▶ **Assignment**: Pictures in the entries below are to be left out; otherwise, reproduce exactly the lines from the first through the line containing "the card further.".

====== Data for this task

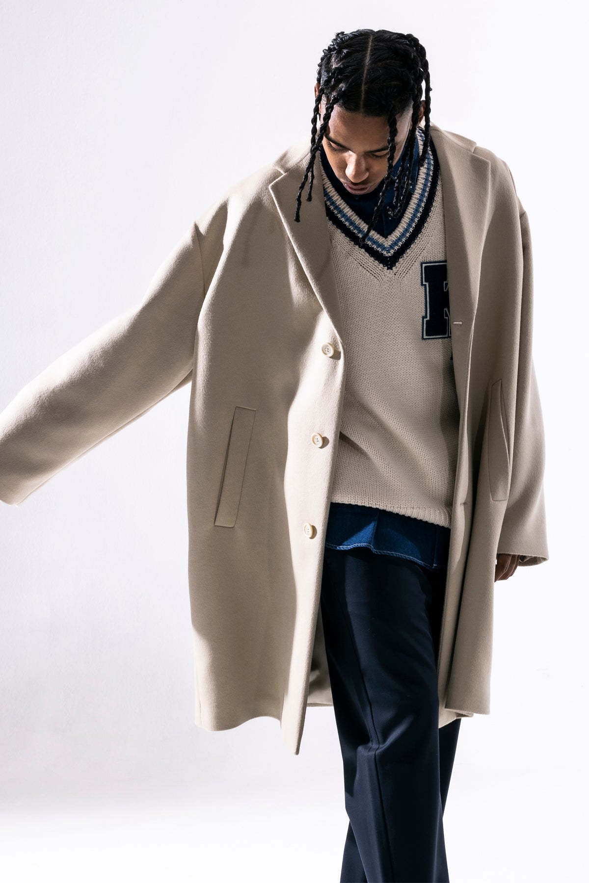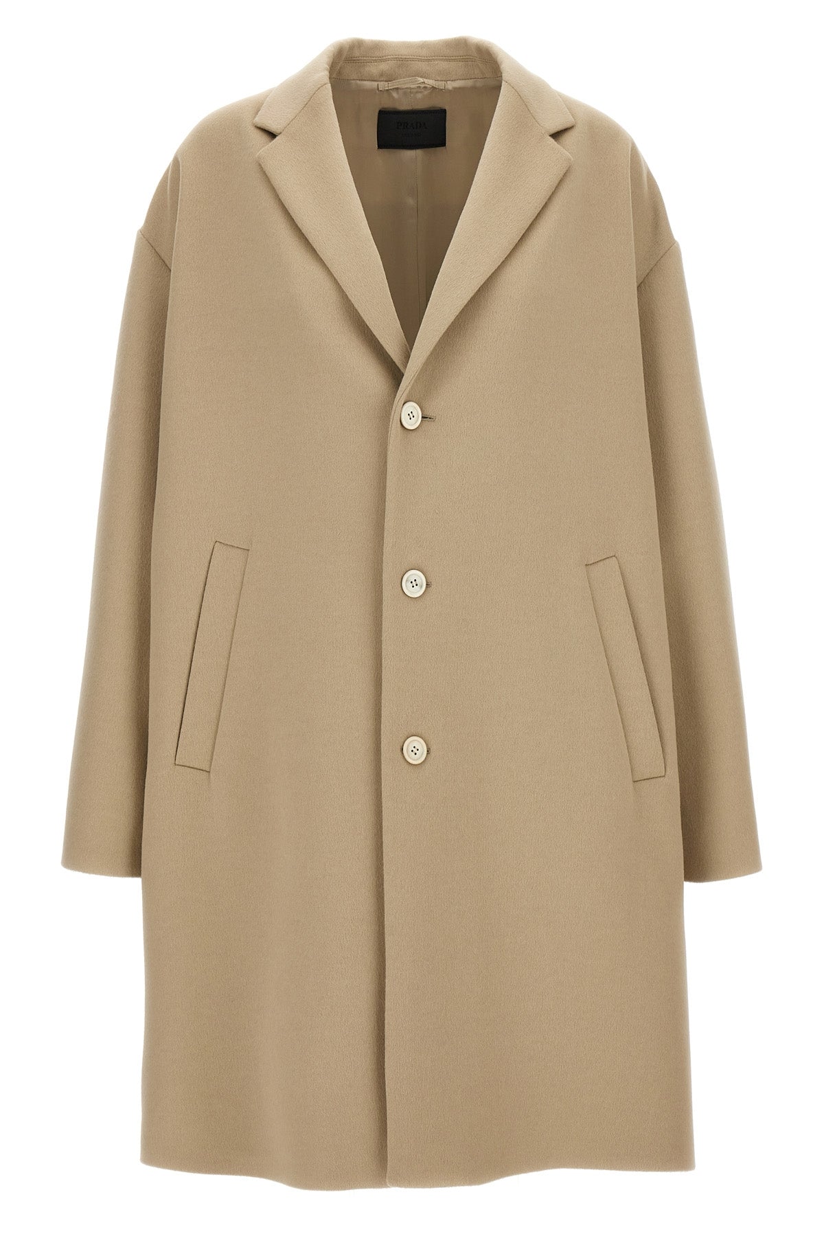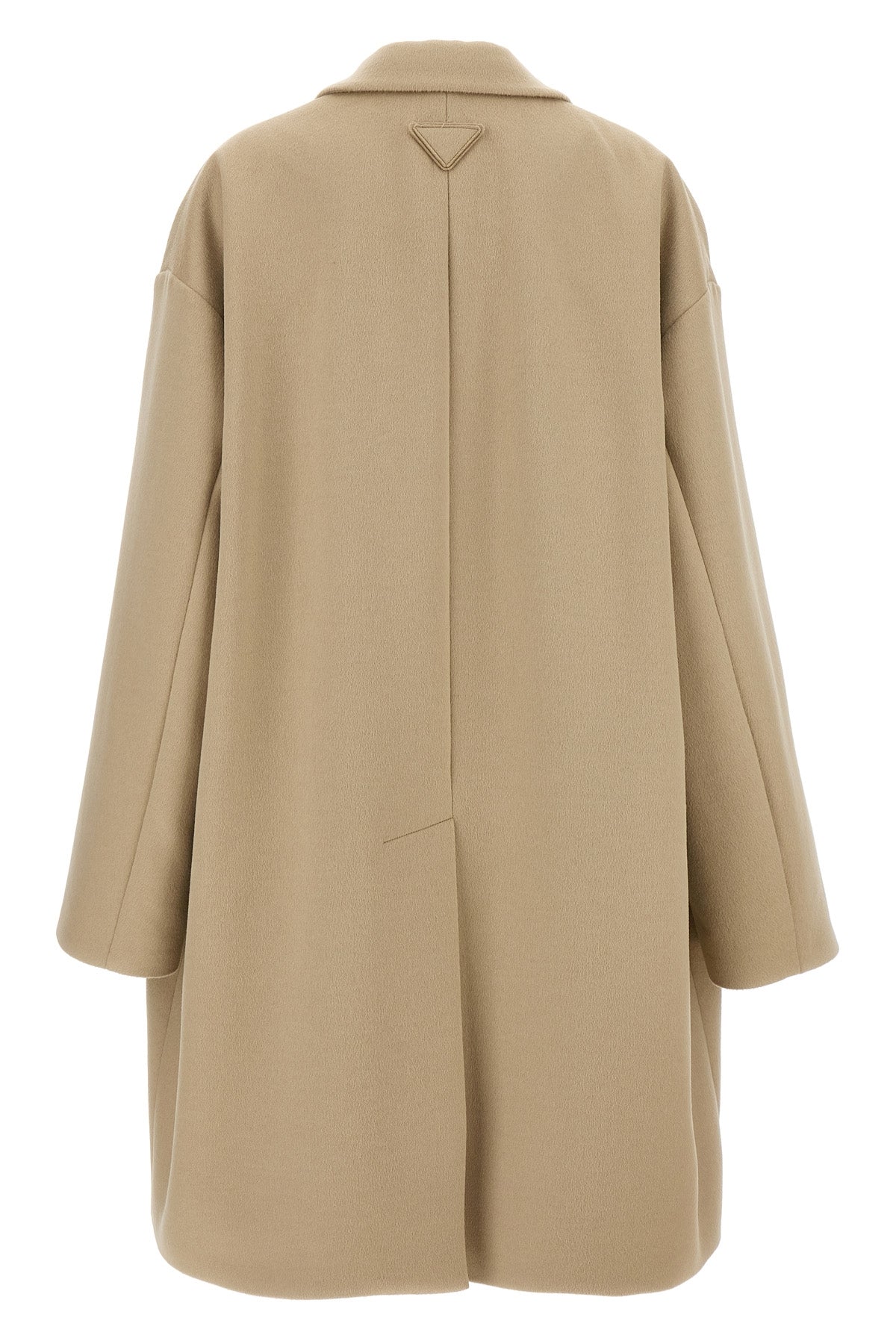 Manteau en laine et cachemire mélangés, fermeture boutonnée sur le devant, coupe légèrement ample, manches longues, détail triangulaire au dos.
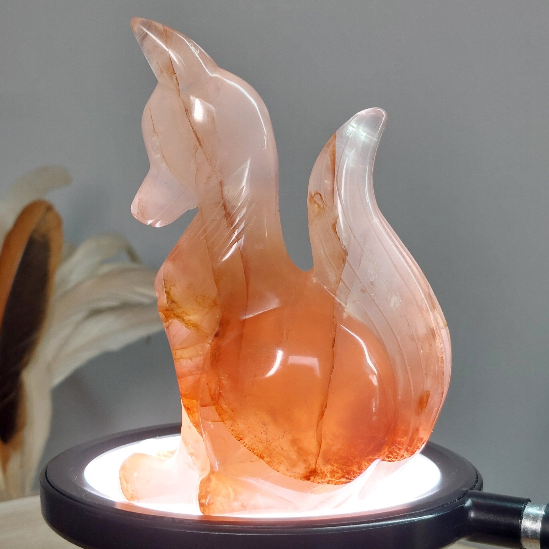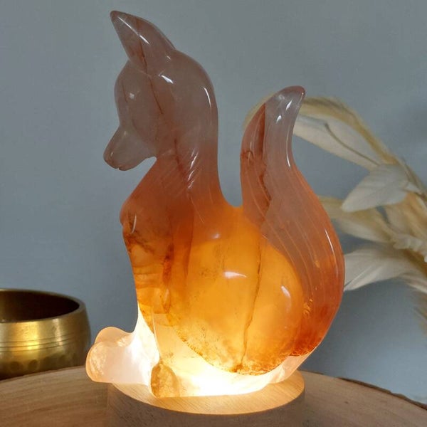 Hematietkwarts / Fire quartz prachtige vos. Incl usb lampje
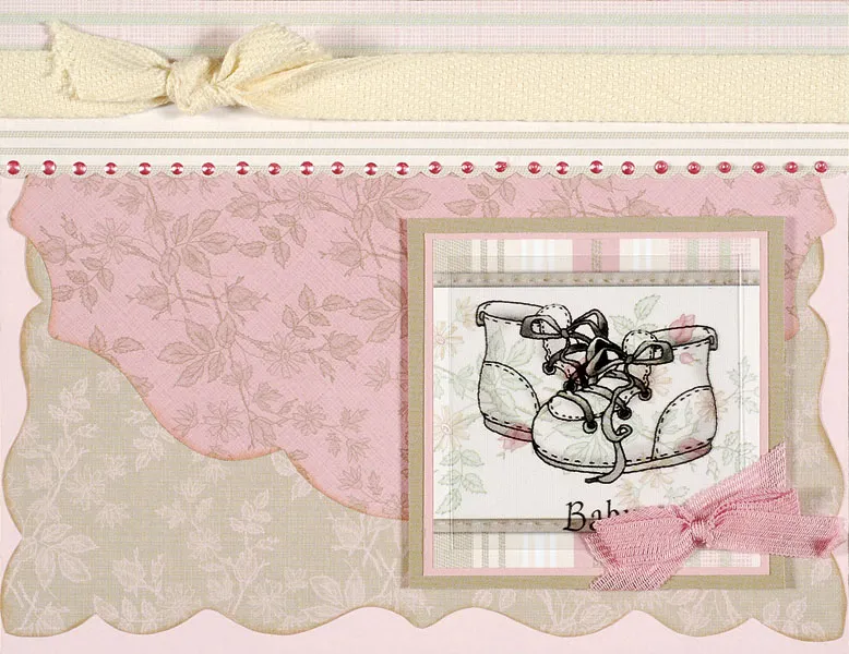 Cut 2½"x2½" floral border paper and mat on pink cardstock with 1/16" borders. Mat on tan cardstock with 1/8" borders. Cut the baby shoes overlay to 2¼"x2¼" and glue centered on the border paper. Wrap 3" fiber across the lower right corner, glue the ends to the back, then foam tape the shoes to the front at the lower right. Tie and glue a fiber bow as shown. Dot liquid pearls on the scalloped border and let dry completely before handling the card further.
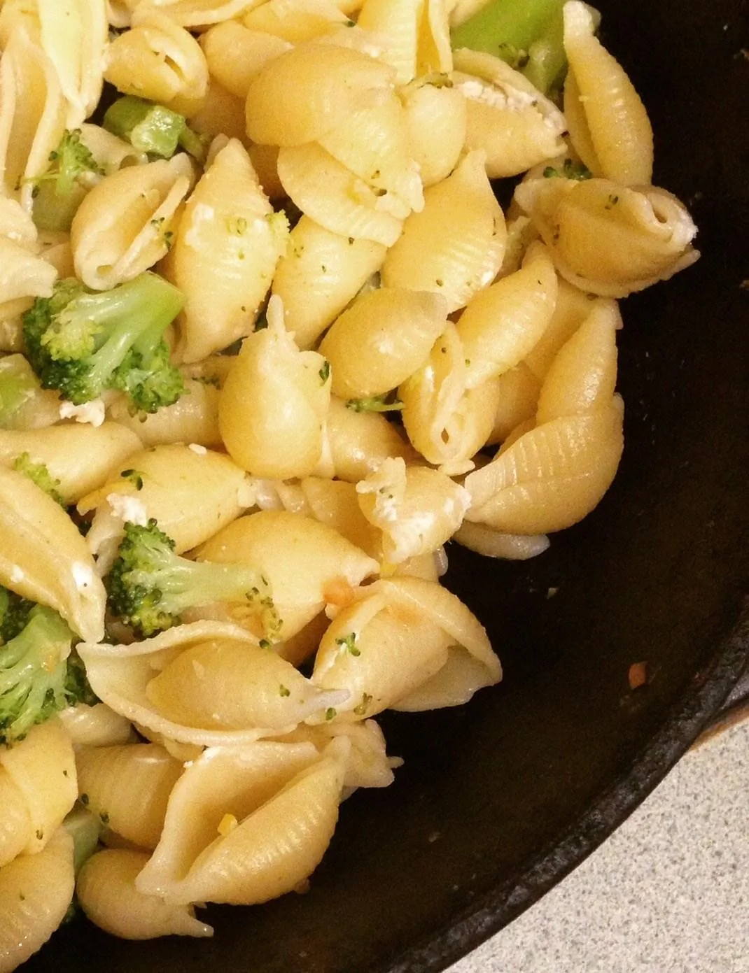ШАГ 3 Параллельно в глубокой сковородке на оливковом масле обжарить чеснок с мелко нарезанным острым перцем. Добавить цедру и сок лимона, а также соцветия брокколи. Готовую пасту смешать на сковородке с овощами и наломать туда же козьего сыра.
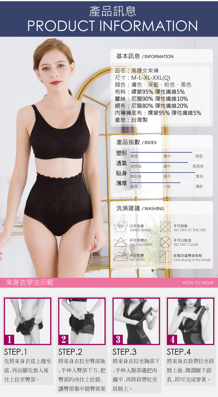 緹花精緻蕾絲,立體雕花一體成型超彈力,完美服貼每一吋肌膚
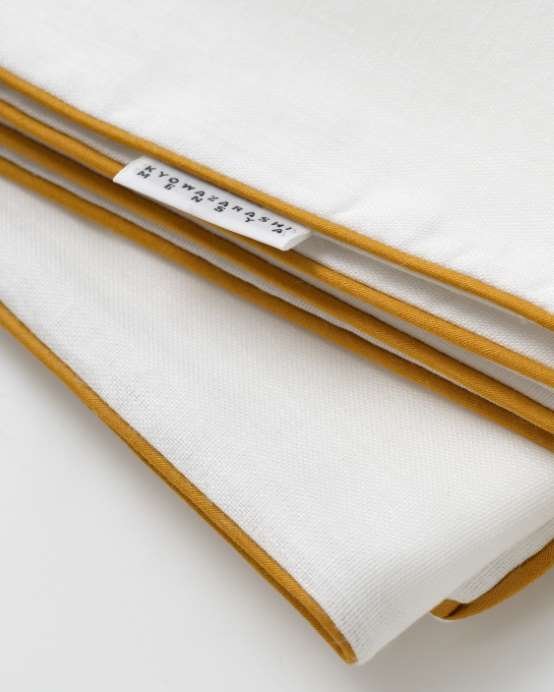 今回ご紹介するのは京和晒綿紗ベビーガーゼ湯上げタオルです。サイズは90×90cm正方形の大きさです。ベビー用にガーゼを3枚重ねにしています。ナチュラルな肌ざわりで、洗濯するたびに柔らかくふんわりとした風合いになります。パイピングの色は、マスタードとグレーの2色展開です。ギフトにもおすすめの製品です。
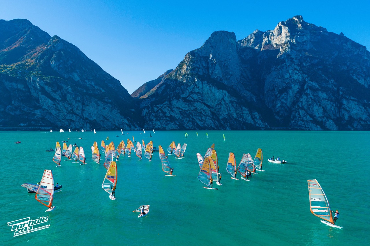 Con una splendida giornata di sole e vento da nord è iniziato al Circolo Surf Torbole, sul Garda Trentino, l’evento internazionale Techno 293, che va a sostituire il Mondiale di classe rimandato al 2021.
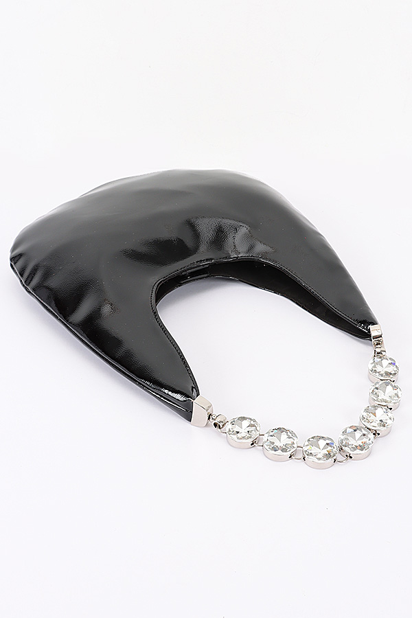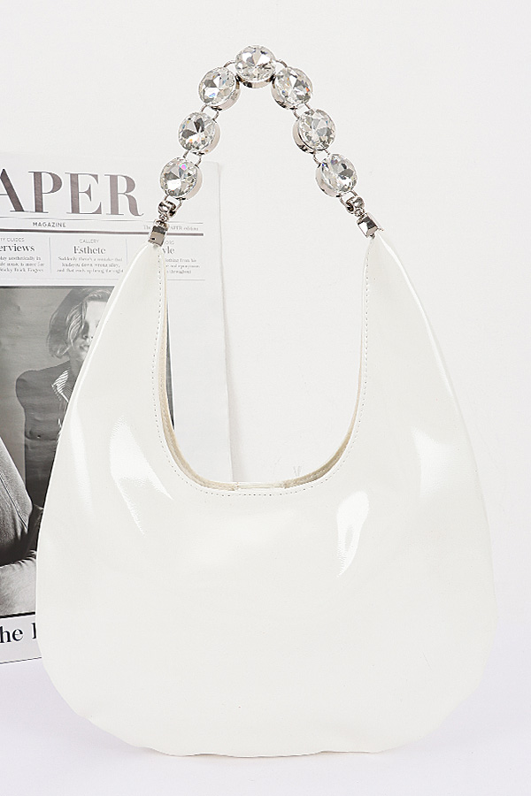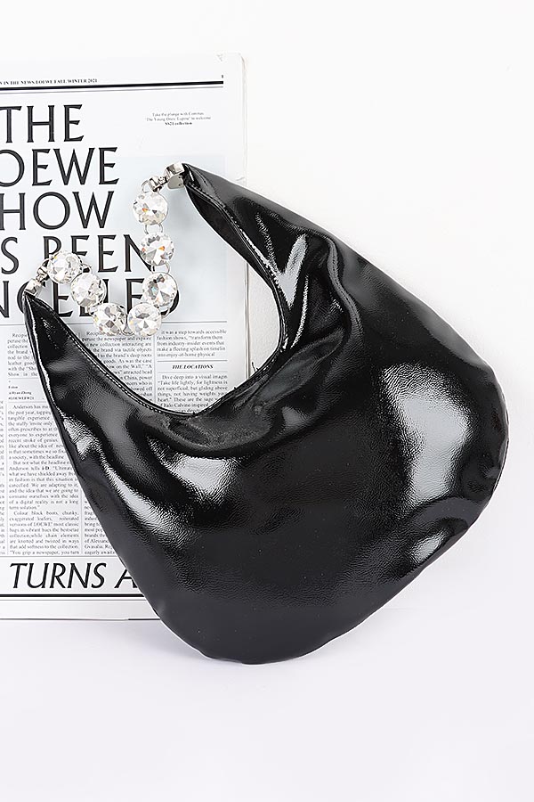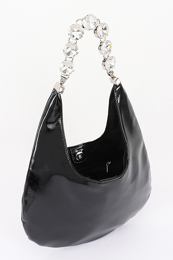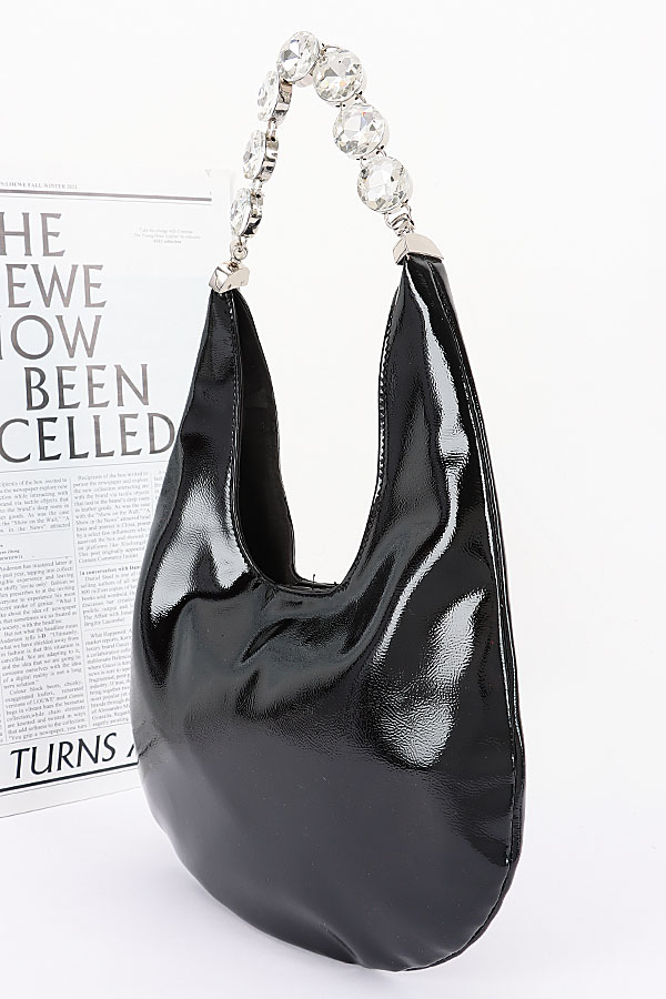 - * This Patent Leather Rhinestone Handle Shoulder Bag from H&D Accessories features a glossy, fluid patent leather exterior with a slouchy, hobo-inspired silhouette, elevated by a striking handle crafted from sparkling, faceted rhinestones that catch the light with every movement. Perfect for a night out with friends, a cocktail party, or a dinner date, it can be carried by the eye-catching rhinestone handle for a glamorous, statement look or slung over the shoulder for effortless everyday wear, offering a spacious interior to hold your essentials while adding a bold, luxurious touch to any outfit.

============

▶ **Solution to this exercise**:
 Manteau en laine et cachemire mélangés, fermeture boutonnée sur le devant, coupe légèrement ample, manches longues, détail triangulaire au dos.
 Hematietkwarts / Fire quartz prachtige vos. Incl usb lampje
 Cut 2½"x2½" floral border paper and mat on pink cardstock with 1/16" borders. Mat on tan cardstock with 1/8" borders. Cut the baby shoes overlay to 2¼"x2¼" and glue centered on the border paper. Wrap 3" fiber across the lower right corner, glue the ends to the back, then foam tape the shoes to the front at the lower right. Tie and glue a fiber bow as shown. Dot liquid pearls on the scalloped border and let dry completely before handling the card further.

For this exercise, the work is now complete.